# [What is expected]
In the listing that follows, print every line exactly and leave the images out.

Supplied data Start Marker

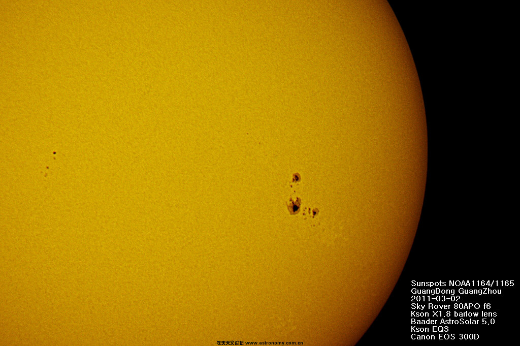 需要H-alpha滤镜才能看到日珥。 starimpact 发表于 2011-3-2 21:33 登录/注册后可看大图
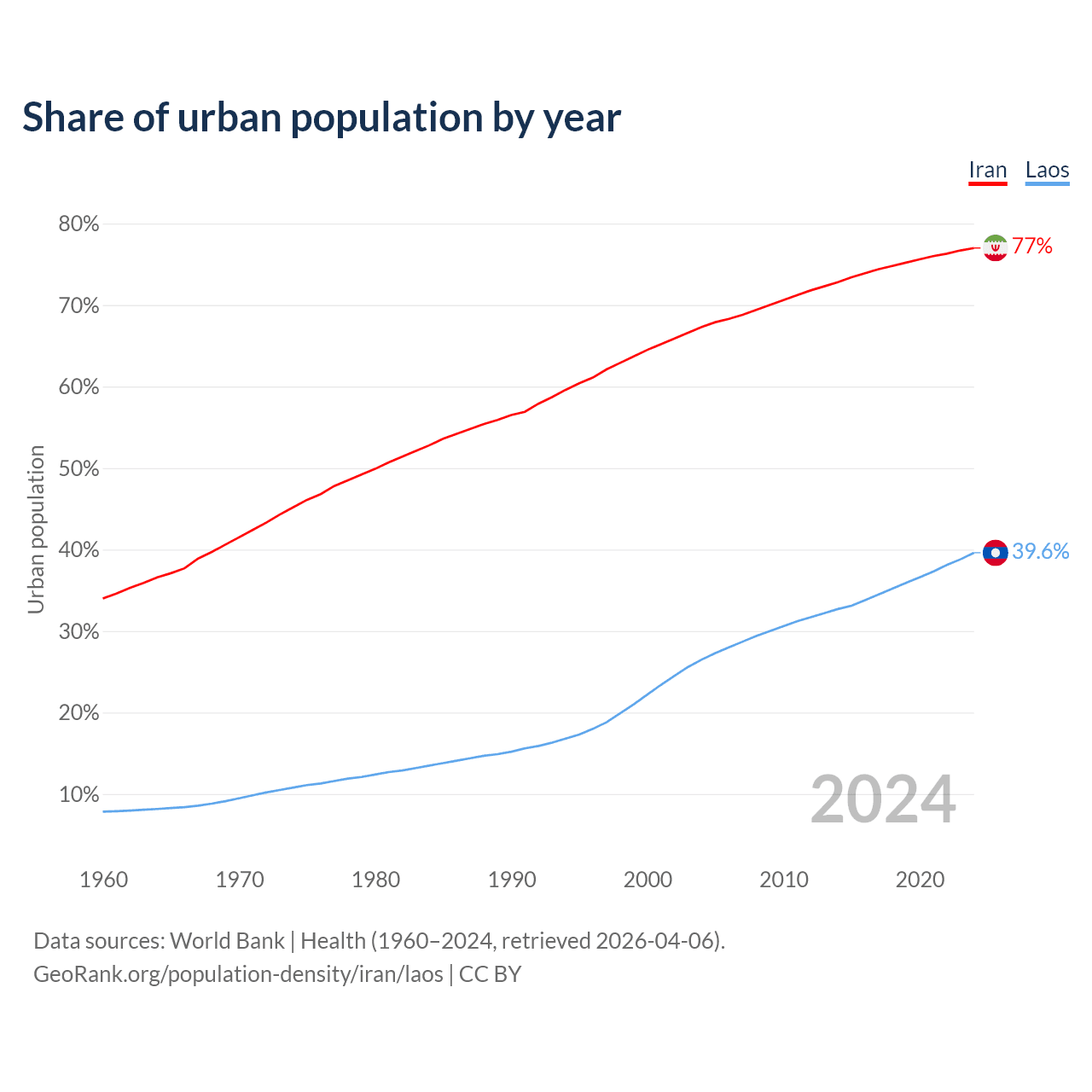 From 2004 to 2024, the share of urban population changed from 67.3% to 77% in Iran and from 26.5% to 39.6% in Laos.
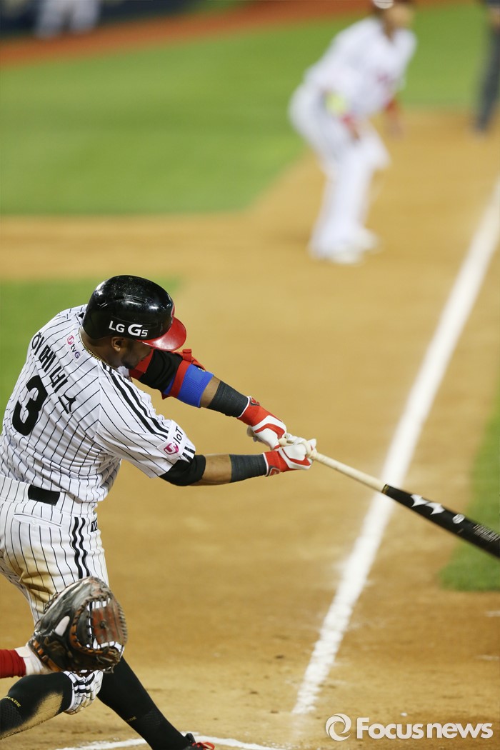 (서울=포커스뉴스) 13일 서울 잠실구장에서 열린 2016 프로야구 SK-LG 경기 6회말 무사 3루에서 LG 히메네스가 좌익선상으로 빠지는 적시 2루타를 치고 있다.
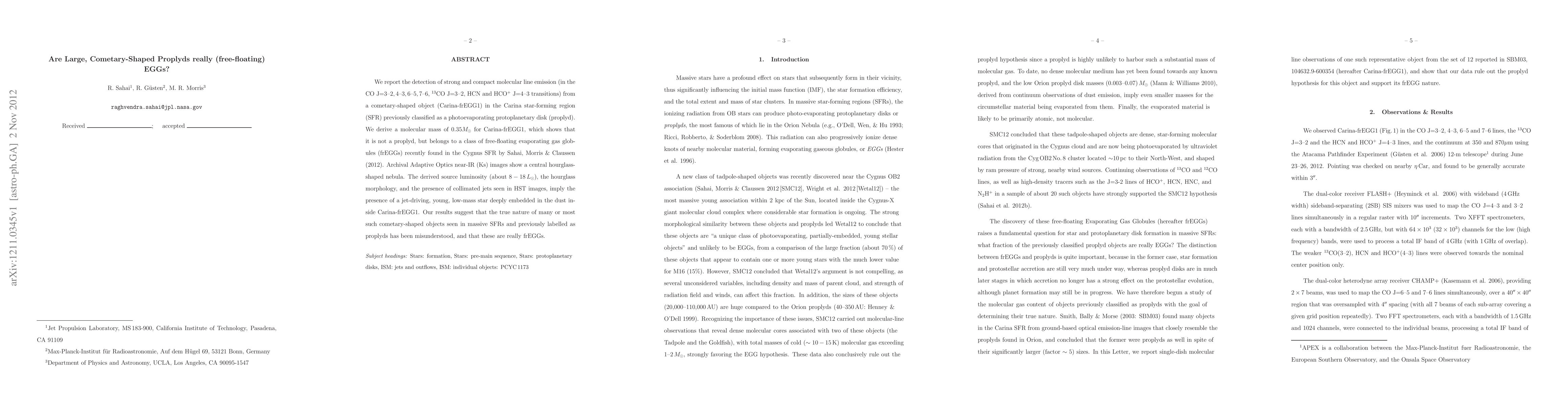 We report the detection of strong and compact molecular line emission (in the CO J=3-2, 4-3, 6-5, 7-6, 13CO J=3-2, HCN and HCO+ J=4-3 transitions) from a cometary-shaped object (Carina-frEGG1) in the Carina star-forming region (SFR) previously classified as a photoevaporating protoplanetary disk (proplyd). We derive a molecular mass of 0.35 Msun for Carina-frEGG1, which shows that it is not a proplyd, but belongs to a class of free-floating evaporating gas globules (frEGGs) recently found in the Cygnus SFR by Sahai, Morris & Claussen (2012). Archival Adaptive Optics near-IR (Ks) images show a central hourglass-shaped nebula. The derived source luminosity (about 8-18 Lsun), the hourglass morphology, and the presence of collimated jets seen in HST images, imply the presence of a jet-driving, young, low-mass star deeply embedded in the dust inside Carina-frEGG1. Our results suggest that the true nature of many or most such cometary-shaped objects seen in massive SFRs and previously labelled as proplyds has been misunderstood, and that these are really frEGGs.

Supplied data End Marker

# [Final answer]
 需要H-alpha滤镜才能看到日珥。 starimpact 发表于 2011-3-2 21:33 登录/注册后可看大图
 From 2004 to 2024, the share of urban population changed from 67.3% to 77% in Iran and from 26.5% to 39.6% in Laos.
 (서울=포커스뉴스) 13일 서울 잠실구장에서 열린 2016 프로야구 SK-LG 경기 6회말 무사 3루에서 LG 히메네스가 좌익선상으로 빠지는 적시 2루타를 치고 있다.
 We report the detection of strong and compact molecular line emission (in the CO J=3-2, 4-3, 6-5, 7-6, 13CO J=3-2, HCN and HCO+ J=4-3 transitions) from a cometary-shaped object (Carina-frEGG1) in the Carina star-forming region (SFR) previously classified as a photoevaporating protoplanetary disk (proplyd). We derive a molecular mass of 0.35 Msun for Carina-frEGG1, which shows that it is not a proplyd, but belongs to a class of free-floating evaporating gas globules (frEGGs) recently found in the Cygnus SFR by Sahai, Morris & Claussen (2012). Archival Adaptive Optics near-IR (Ks) images show a central hourglass-shaped nebula. The derived source luminosity (about 8-18 Lsun), the hourglass morphology, and the presence of collimated jets seen in HST images, imply the presence of a jet-driving, young, low-mass star deeply embedded in the dust inside Carina-frEGG1. Our results suggest that the true nature of many or most such cometary-shaped objects seen in massive SFRs and previously labelled as proplyds has been misunderstood, and that these are really frEGGs.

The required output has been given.